24. Allein in der Tatsache, daß der Arzt möglicherweise weder deutsch noch englisch gesprochen hat, kann ein Auswahlverschulden noch nicht gesehen werden. Der Reisende kann nicht mehr verlangen, als die örtlichen Verhältnisse hergeben (OLG Düsseldorf NJW-RR 1991 825, 826). Auch bleibt im hier zu beurteilenden Zusammenhang völlig offen, ob sich dann an seiner Diagnose etwas geändert hätte. Aufgrund der geschilderten Symptome lag im übrigen die Vermutung nahe, daß die Klägerin möglicherweise Herzprobleme gehabt haben könnte. Außerdem dürfte es auch auf einem Schiff Wörterbücher geben. Schließlich legt der in englischer Sprache verfaßte Arztbericht (Anlage K 1, Bl. 4) es nahe, daß der Arzt wohl zumindestens Englisch konnte.

25. Alles in allem muß daher festgehalten werden, daß der gesamte Verlauf der Angelegenheit ausgesprochen bedauerlich ist, die Klägerin daraus jedoch keine Haftung der Beklagten herleiten kann. Eine grundsätzliche Haftung der Beklagten für den Arzt kommt nicht in Betracht und von einem Auswahlfehler kann nicht ausgegangen werden.
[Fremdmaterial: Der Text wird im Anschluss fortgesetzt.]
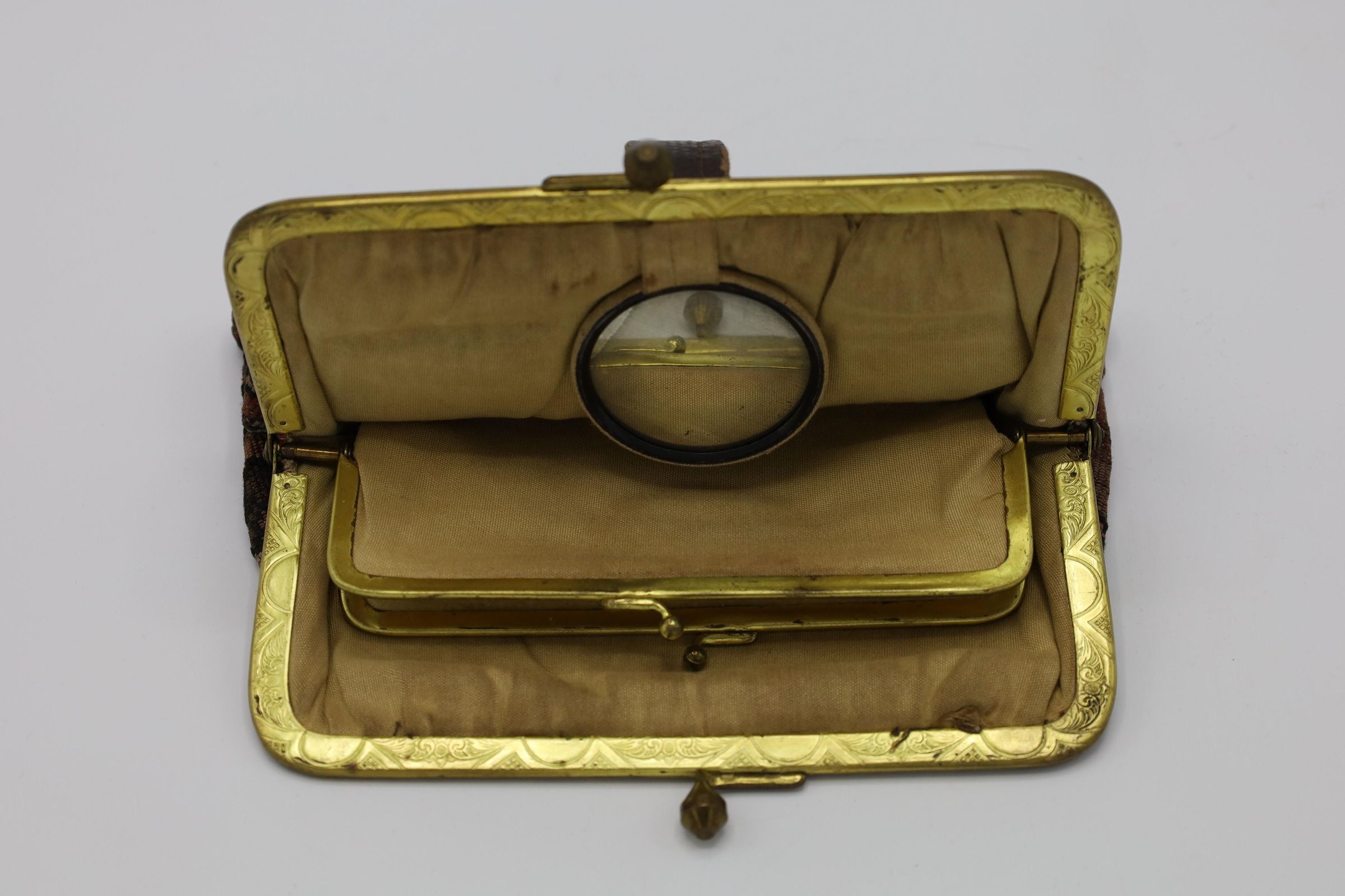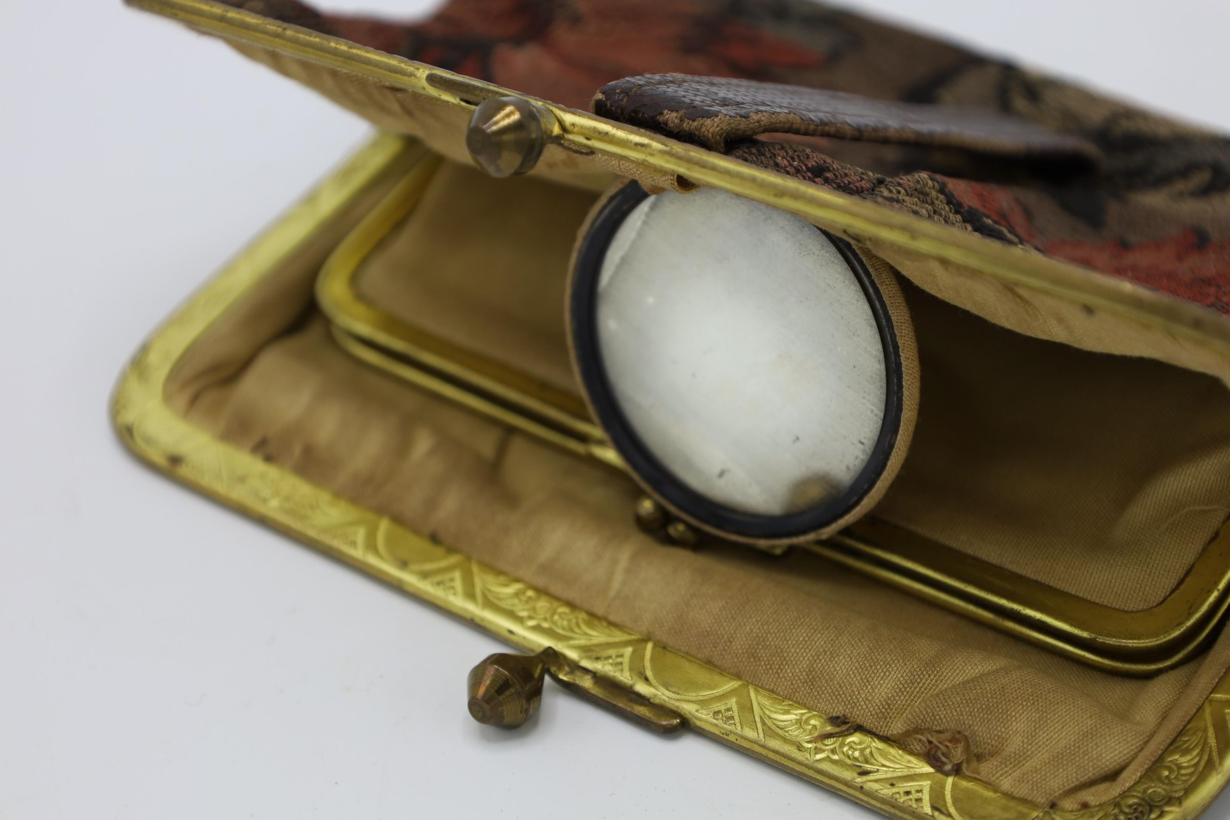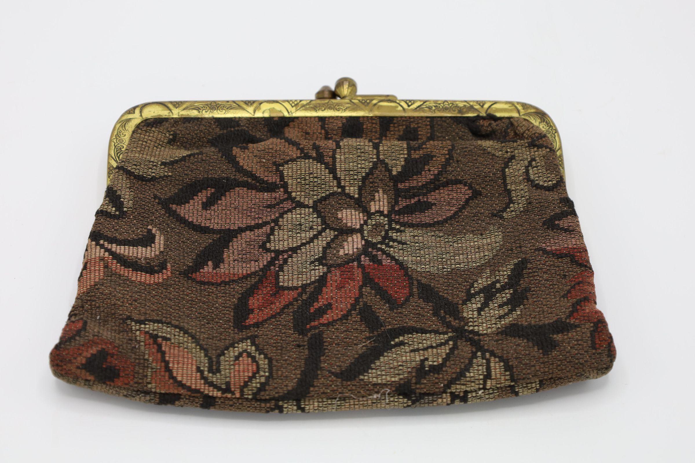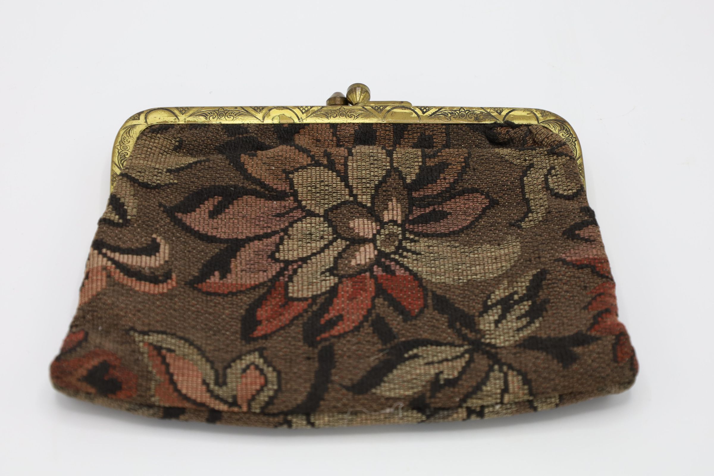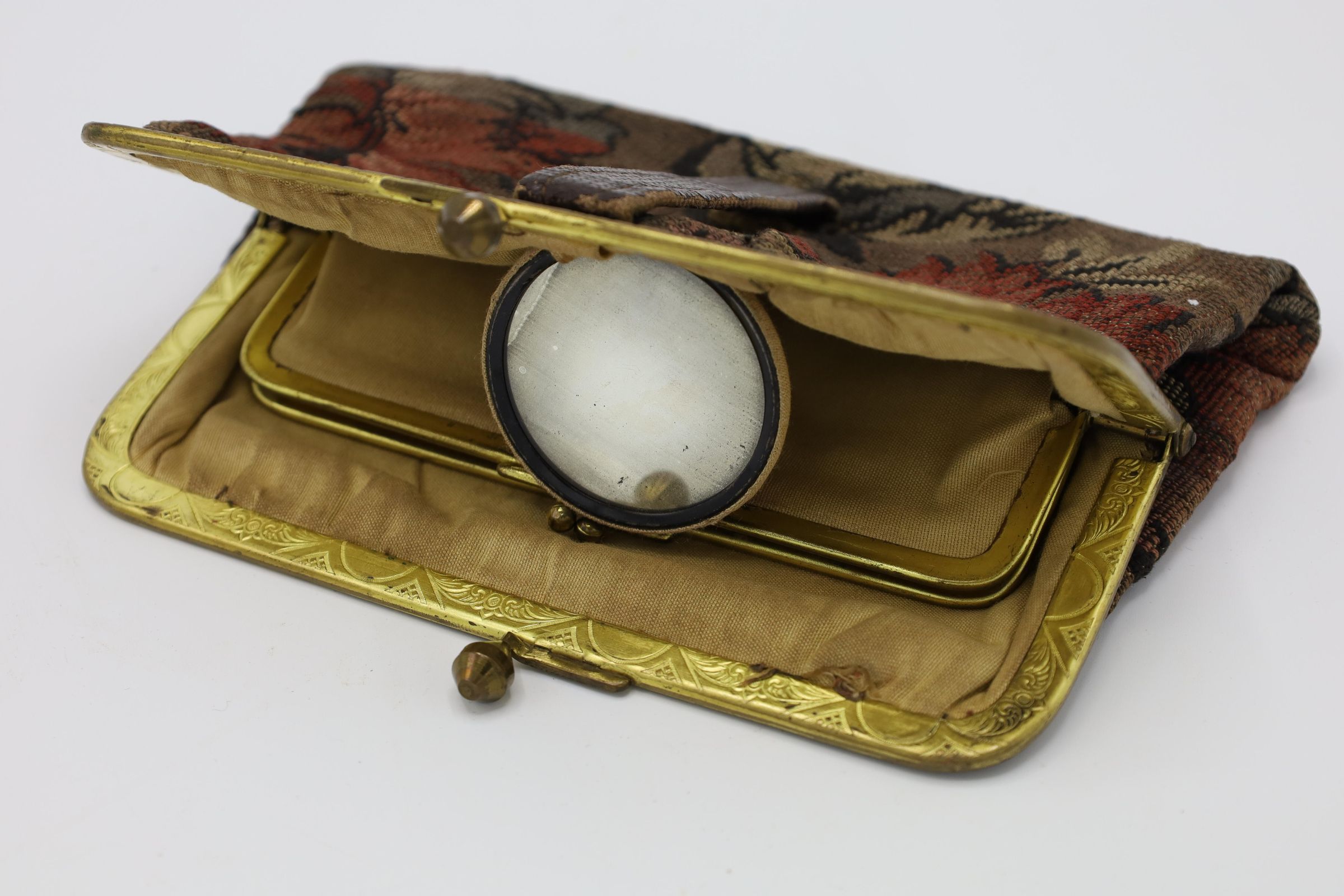This is a floral-etched cloth tapestry clutch with brass-hinged framework and a mirror inside. Circa 1930-40.Location

26. Darüber hinaus vermutet das Gericht, daß die Maßnahmen des Schiffsarztes wohl auch sachgerecht waren. Die Klägerin selbst hat von Panikattacken mit Atemnot und Stechen in der Brust gesprochen. Diese Umstände stellen – wie allgemein bekannt ist – klassische Symptome eines Herzinfarktes dar. Wie aus dem Doctors’s Report (Anlage K 1, Bl. 4) ersichtlich ist, hat der Arzt auch das entsprechende Spray unter die Zunge gespritzt. Auch dies ist, wenn sonst nichts zur Verfügung steht, das klassische „Erstmittel“.

27. Die Kosten des Rechtsstreites waren der Klägerin aufzuerlegen, da sie im Prozeß unterlegen war (§ 91 I 1 ZPO).

28. Die Entscheidung zur vorläufigen Vollstreckbarkeit ergibt sich aus den §§ 708 Nr. 11, 711 ZPO.

29. Der Streitwert beträgt 3.000,– Euro.